Friday, October 30, 2009

CHAPTER THREE (7)

All the burros to him seemed one hundred suburbs looking for a city to call their own to Squirley. He would drive through them, his wake interconnecting each and every suburb (Little Mexico, the University, the City district, the Mile), but he never felt comfortable in any one burro. In the City he felt distant, like an outsider looking in on all the happy businessmen who owned their club memberships to the YMCA and drove home in their Cadillacs (always east so the sun wouldn’t offend their eyes) to their doting wives and perfect children. In Little Mexico he felt immersed in a land whose language was little known to him, but also a black man caught in a world where it wasn’t okay to be white, and its was the norm to be brown. But where did he fit in to that spectrum? Black is darker than brown… In the Mile he felt most security, but realized that things went on around him that he couldn’t comprehend, that women sold their bodies to men like Toddy literally five feet away in the next studio-condo. That he could be blown to pieces by the nearest meth-lab (wherever that might be). He knew none of his neighbors, and their only presence was marked by volatile conversations.

But as he parked his beat-up car and stepped out onto the campus of the University, bearing on the outside his tough-man person, deeply he felt isolated from everyone. True, he had once been part of this burro as well: a humble student advancing his mind in a fertile environment of frat houses and beer bongs, days filled with murky, weathered library books while he reticently played the part of Mr. 4.0/Mr. Hangover, afternoons filled with scalding mocha lattes in pricey coffee houses while he, the English major, crammed for a futile biology midterm.
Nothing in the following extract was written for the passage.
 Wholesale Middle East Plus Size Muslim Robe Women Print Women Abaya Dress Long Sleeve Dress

Yes, this was once his forte. Yet, now he planned to offend what little credit the institution clung to with skeletal fingers by selling drugs and making good some debts he was owed.  
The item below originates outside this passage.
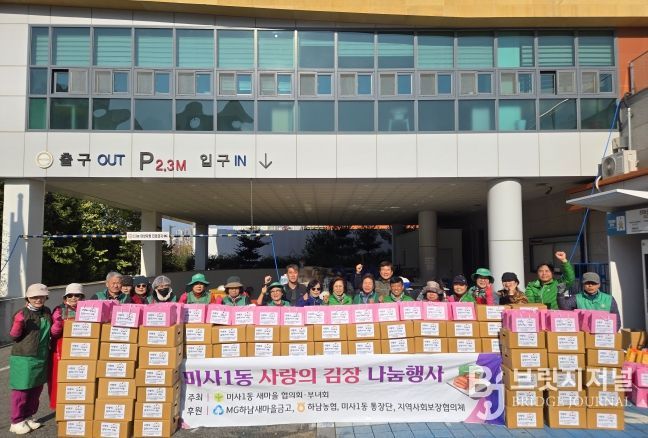 브릿지저널 김경미 기자 | 하남시 미사1동 새마을협의회(회장 김성호)와 부녀회(회장 유정자)는 2025년 11월 19일, 본격적인 겨울을 맞아 관내 소외계층 100가구에 전달할 ‘사랑의 김장김치 나눔 행사’를 성황리에 진행했다.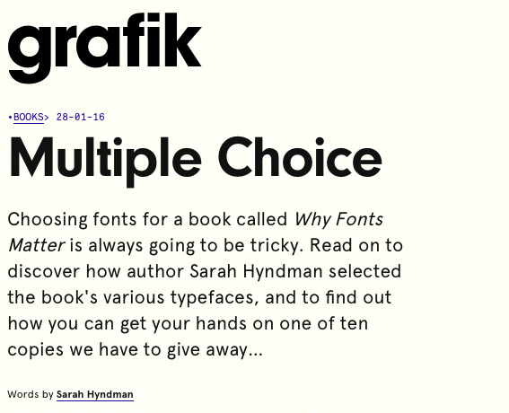 In celebration of the official launch of Why Fonts Matter in the US today: Grafik asked how I chose the typfaces for Why Fonts Matter. “Choosing fonts for a book called Why Fonts Matter is always going to be tricky.”

Squirley walked along the highly manicured campus, weaving his way through students, like androids, texting on their phones. One girl with frosty blonde hair and downward trodden eyelashes ran into another girl, both of them texting without perceiving the oncoming impact. The collision, as Squirley watched from afar, made him chuckle. Other seemed as though they were walking aimlessly, solely focused on the tiny machines between their thumbs. I’m glad I don’t own one of those, Squirley thought. But then his eyebrows furrowed and he felt pity for himself that he, too, didn’t own a cell phone.

Suddenly, a Ritto walked by. Squirley checked his wrist watch: he’d only been waiting an hour at the stuffy campus. A blonde haired, baby-faced, blue eyed boy with a backpack immense for his body stole through the pedestrian’s walk way. He dashed behind a red-brick building with ivy growing up and around the corner, blocking any view that Squirley had of his debtor. It was now a tactical game, and Squirley’s wife-beater persona built his confidence higher than any sky-scraper in the City district. He rolled his sunglasses perched atop his already-receding hairline, catching shades of oil from his baby-curl hair, and sauntered – but flexing his muscles all the while – towards the blond. He stopped just short of the ivy.

“I think you know what you owe me, Dev.” He said, his voice a hue deeper than normal. Here he was: Mr. Bond, James Bond, that is, praying on the unjust – taking names and kicking ass.

There was no response from around the corner. Rusting was heard as leaves crunched between someone’s shoes and concrete.